Nov 16 2024scikit machine-learning

Getting started #

Scikit-learn is a set of tools for creating machine learning models. Or in their words a "Simple and efficient tools for predictive data analysis".

Their installation guide got me going. The creation of a Python virtual environment is recommended, to isolate project work from the verison of python installated on the machine. Assuming Python3:

python -m venv sklearn-env
source sklearn-env/bin/activate
pip install -U scikit-learn

But I didn't find their guides all that helpful to get going after that. I know I wanted to use Jupyter. Here are the steps I found to set up everything else needed. The ipykernel adds the ability to create a new Jupyter notebook kernel which will contain all of the installation bits for the python virtual environment being used.

pip install jupyterlab
pip install ipykernel
python -m ipykernel install --user --name scikit-kernel
pip install matplotlib numpy pandas seaborn

Start up with jupyter lab and we're off and running. Create a new notebook using the scikit-kernel we just created.

Now what? I didn't find the documentation particularly helpful, so off to YouTube! I found this freeCodeCamp.org video helpful, Scikit-learn Crash Course - Machine Learning Library for Python, at least the first few modules. The rest of this post will be based upon what I learned in this video.

The data #

The course uses the Boston house price dataset.

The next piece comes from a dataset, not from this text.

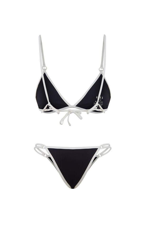 Apresentamos o exclusivo top Korah, criado em 2015 para ser o destaque da marca Aika. Este top de triângulo possui ajustes de amarração nas costas e nos ombros, proporcionando um ajuste perfeito. Com bojo removível e impermeável, oferece conforto e praticidade. O tecido biodegradável e a modelagem impecável são características que tornam este top ainda mais especial. As argolas com pintura automotiva sempre combinam com as cores de viés da marca, tornando-o uma peça exclusiva da Aika combinando com o bottom Korah, que possui um design único com contornos larguinhos em todas as bordas, tiras duplas nas laterais e cobertura média no bumbum. É perfeito para aquelas que gostam de um pouco mais de cobertura e designs exclusivos.

This dataset has been removed from scikit-learn, as explained in the video. If you want to follow along with the tutorial you either need to install an older version of scikit-learn, or I found you can still access and load the data with this script:

import pandas as pd
import numpy as np

data_url = "http://lib.stat.cmu.edu/datasets/boston"
raw_df = pd.read_csv(data_url, sep="\\s+", skiprows=22, header=None)
X = np.hstack([raw_df.values[::2, :], raw_df.values[1::2, :2]])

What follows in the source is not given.